Five tips on shirts
15 August 2011
Shirts are often underrated. Lying beneath tailored jacket and silken tie, they can seem less important than both. But in an age when men usually take off their jacket during the day, indeed often don’t even wear a jacket to the office, the shirt has assumed new importance. So read.
1 Fit is quite easy
A bespoke shirt is not easy to fit well. There’s the amount of give at chest, waist and hips, the width through the arm and balance. But it’s not as complex as a bespoke jacket. In fact, three aspects of fit are by far the most important: neck, wrist and waist.
Shirts come in neck sizes and often sleeve lengths as well, so as long as you know how these should fit (two fingers just about fit under the collar, sleeve stops at the base of your thumb) you’re most of the way there. Then, unless you can find a cut that’s exactly right, take the shirt to your tailor and get darts put in. Most do it and they can get the fit just right.
2 Spend time on washing
Put some extra detergent on the armpits, collar and double cuffs of a white shirt before you wash it. At least do the armpits on every other colour. Sweat stains are a poor excuse to rid of a shirt.

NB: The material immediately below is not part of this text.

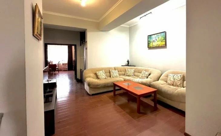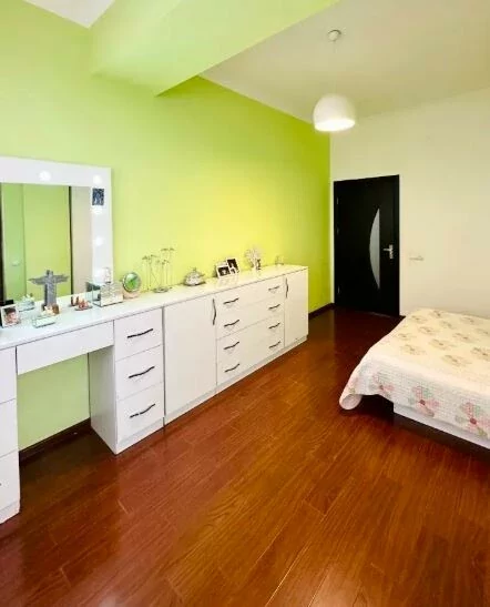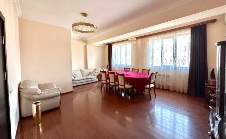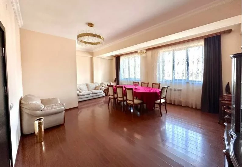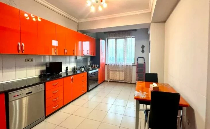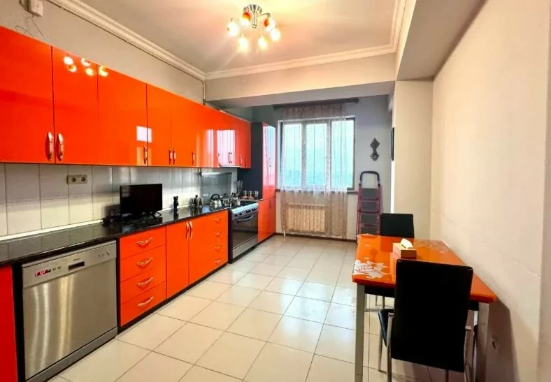Площадь: 140 кв. м. Квартира включает просторный холл и коридор, гостиную, отдельную большую кухню, 3 спальни, 2 ванные комнаты, 3 открытых балкона. Квартира трехсторонняя, очень светлая, с балконов открывается прекрасный вид на город, улицу, двор и парк ЭРАЗ. Другие здания не загораживают вид.
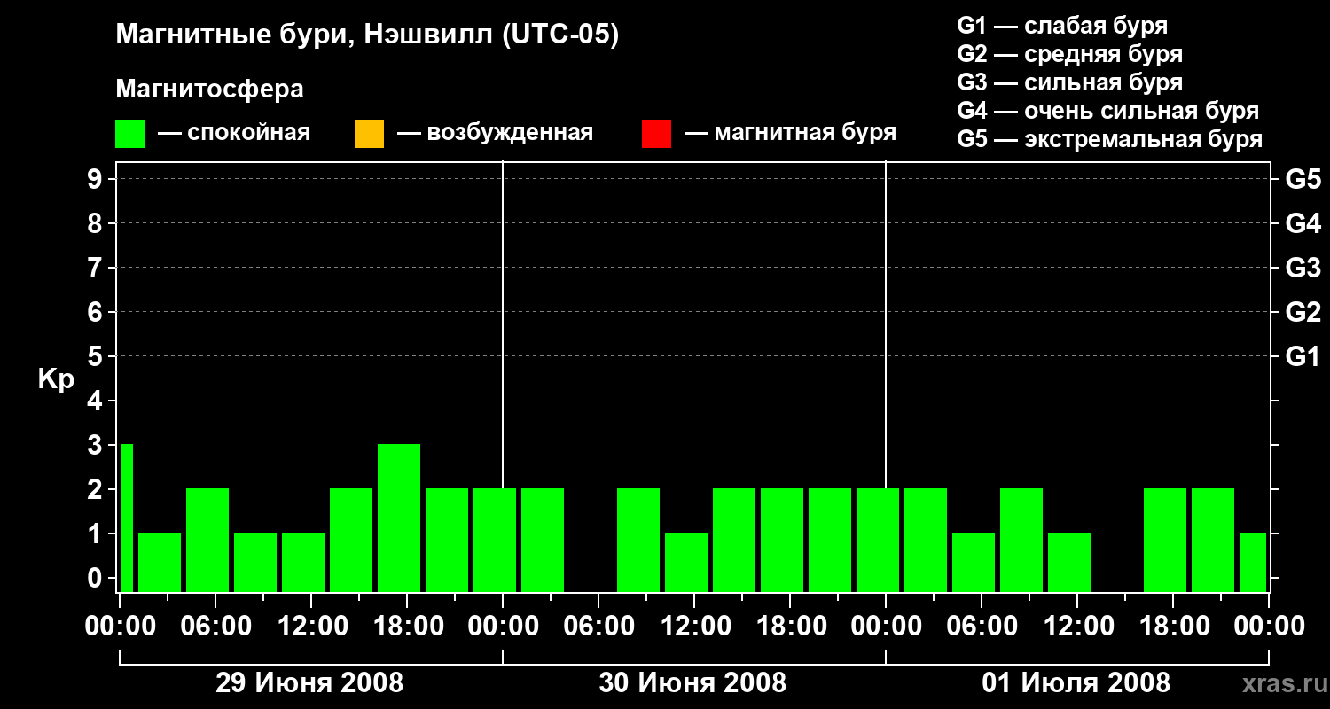 Изменения геомагнитного индекса Kp с 29 июня по 1 июля 2008 года для средних широт

3 An open neck requires a strong collar
There’s nothing wrong with wearing a shirt without a tie. Just make sure the lack of a tie’s silk is made up with colour or pattern elsewhere. And that your collar doesn’t collapse.
Many things determine the ‘stand’ of a collar, which prevents it from folding up meekly below the lapel of your jacket and negating the point of wearing one. These things include the collar’s height, construction and spread. You know which of your shirts have it; only wear those ones without a tie. And if in doubt, get a button-down.
4 White versus blue
White is clean, crisp and smart; it should always be the default at a formal event, indeed traditionally would always have been changed into for the evening. Blue is more versatile and flatters more skin types. It can handle dark, pale and bright colours where some can make a white shirt look cheap. You will probably end up with more blue than anything else. Nothing wrong with that: experiment instead with cloth, weight and weave.
5 Nothing wrong with wear either
The first thing that will go with shirts (if you’re washing them properly) is fraying at the corners of the collar and the edges of the cuffs. If it is bespoke, the maker might be able to replace them, probably with white equivalents, at less than half the cost of a new shirt. But you don’t have to; fraying isn’t necessarily bad. Like distressed jeans, it’s something some designers even add to shirts to make them seem more personal. As long as the shirt isn’t a formal, double-cuffed and spread-collared affair, then continue to wear it but with jeans and tweed at the weekend.
Pictured here: Budd bespoke shirts being made. The refurb of Budd is coming along nicely and sounds like it will be a more welcoming place to buy and have shirts fitted. Looking forward to seeing the finished product.